Why was Oswald a suspect so soon after the shooting?

Depending on the length of his trial and appeals, maybe not. The last execution in Texas pre-Furman was in 1964. Certainly there would have been unusual pressure to carry it out in Oswald’s case.

From what I can gather (can you tell I’m a nerd for this case?!), it wasn’t that he “changed” clothes so much as Oswald went home and got a jacket to put on over his shirt (and apparently retrieved his revolver).

From here:
“Approximately 15 minutes before the shooting of Tippit, Oswald was seen leaving his roominghouse. He was wearing a zipper jacket which he had not been wearing moments before when he had arrived home. When Oswald was arrested, he did not have a jacket. Shortly after Tippit was slain, policemen found a light-colored zipper jacket along the route taken by the killer as he attempted to escape…
Westbrook walked through the parking lot behind the service station and found a light-colored jacket lying under the rear of one of the cars. Westbrook identified Commission Exhibit No. 162 as the light-colored jacket which he discovered underneath the automobile. This jacket belonged to Lee Harvey Oswald. Marina Oswald stated that her husband owned only two jackets, one blue and the other gray. The blue jacket was found in the Texas School Book Depository and was identified by Marina Oswald as her husband’s. Marina Oswald also identified Commission Exhibit No. 162, the jacket found by Captain Westbrook, as her husband’s second jacket.”

Bugliosi’s summary has him going up to his room just long enough to retrieve his jacket and revolver.

It’s only 42 minute total between the JFK shots and the killing of Tippitt. The working description on the radio has no description of clothing.

I’d also forgotten that Oswald shot Tippitt several times, following it with an execution shot to the temple.

(Fellow JFKA nerd; I’ve been trying to post too many things from slightly dusty memory here and it shows.)

What did James Earl Ray do right that he wasn’t caught for two months? Apparently he didn’t have a real plan for the killing, so I doubt he thought about how he would get away either.

He got out of town in a hurry. He also had money and a car. People saw him run out of the hotel where he had shot King from, but they didn’t know who he was. He was an escaped convict and used to life on the run. I don’t think it’s been clearly established where he got the money from, but most likely from his family. Many people believe he had help making his way to Canada and getting a fake passport there.

I’ve always found it bizarre that Marina Oswald (I know that’s not her current name, but I can’t be arsed to look it up) contends that Lee Harvey Oswald did not kill JFK. Apparently she really believes it.

If anyone, anywhere, was exposed to more information on the topic than that poor woman, I really don’t know who it would be.

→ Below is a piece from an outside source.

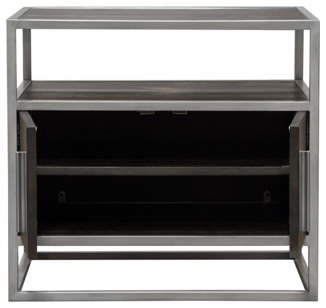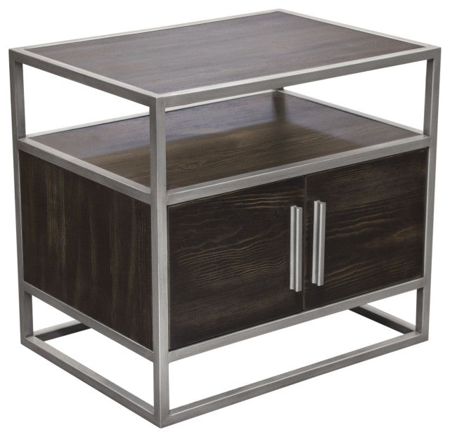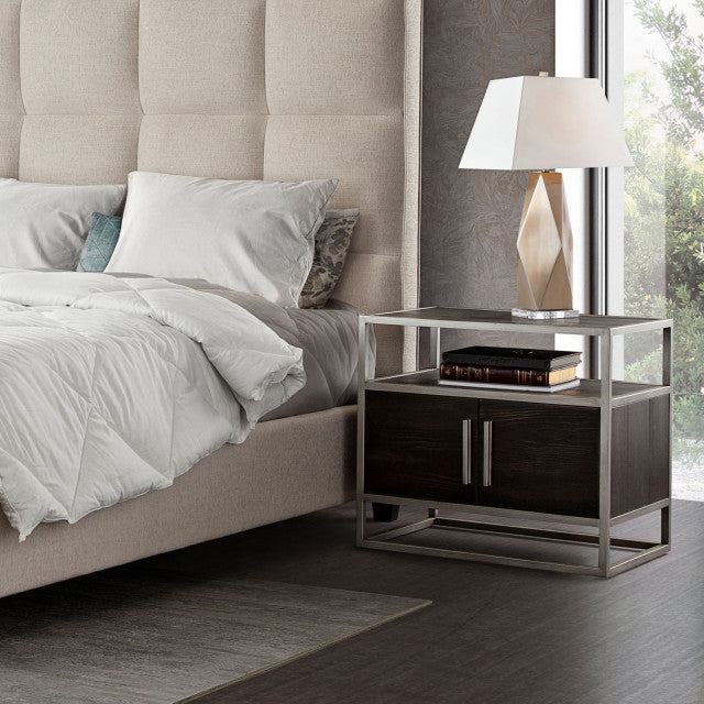 Empire 2-Door End Table With Silver Metal Frame, Dark Brown By Diamond Sofa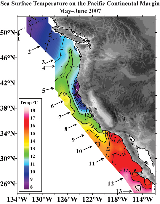 Some colder water normally rises toward the sea surface along the coast at this time of year, says coauthor Christopher Sabine, also of NOAA’s Seattle lab. Spring and summer wind patterns nudge surface waters westward, drawing up water from 150 to 200 meters below the surface.

I think he did it. I’m really quite sure that he did. I think it’s the most logical explanation. Frankly, I think people who buy into the conspiracy theories on the JFK assassination, maybe they just like conspiracy theories; and the idea that something really convoluted and covert happened that day instead of a frustrated nutjob like LHO acting alone is a more pleasant belief to hold, for whatever reason.

Hey, mods? We really need a big, red, flashing BULLSHIT! smiley for these threads.

Sorry, Sarabellum, but I don’t know where you got that info. Marina was a key source of information about personal aspects, thoughts, private actions and so forth and she was completely honest and forthcoming throughout the initial investigations and later. (Just possibly, being a Russian immigrant whose immigration partner had just killed the President and been killed, and the possibility of being deported, crossed her mind.)

“No one knew Oswald as well as his wife, Marina, and after the assassination, Marina [cooperated with a writer for a joint 659-page biography]. [She] came away [from visiting him in jail] knowing he was guilty. She said she saw the guilt in his eyes.”

 - Bugliosi, p. 962

If she later expressed doubts, as I have dim recollections of her doing, it’s no different from families of perps convicted by means/motive/opportunity, physical evidence, eyewitnesses and DNA samples who swear he was a good boy and must have been framed. It’s the human/family way.

Porter, FWIW

She told the Dallas police in '63, the Warren Commission in '64 and the House Select Committee on Assassinations in '78 that Oswald was guilty.

She told Oprah in '96 that he was innocent.

No idea what happened in the intervening years to make her change her opinion.

Try to imagine the deluge of conspiracy nuts she had to endure over the years. It wouldn’t surprise me if she found a way to profit by cooperating with them. She probably also didn’t mind giving her daughters some glimmer of hope that their father wasn’t an assassin.

ETA: Oswald’s brother never changed his belief that Oswald was guilty.

Yup, she really is just a victim in this matter, she had nothing to do with the assasination. Her various statements don’t have any significance, and the motivations you provide are explanation enough.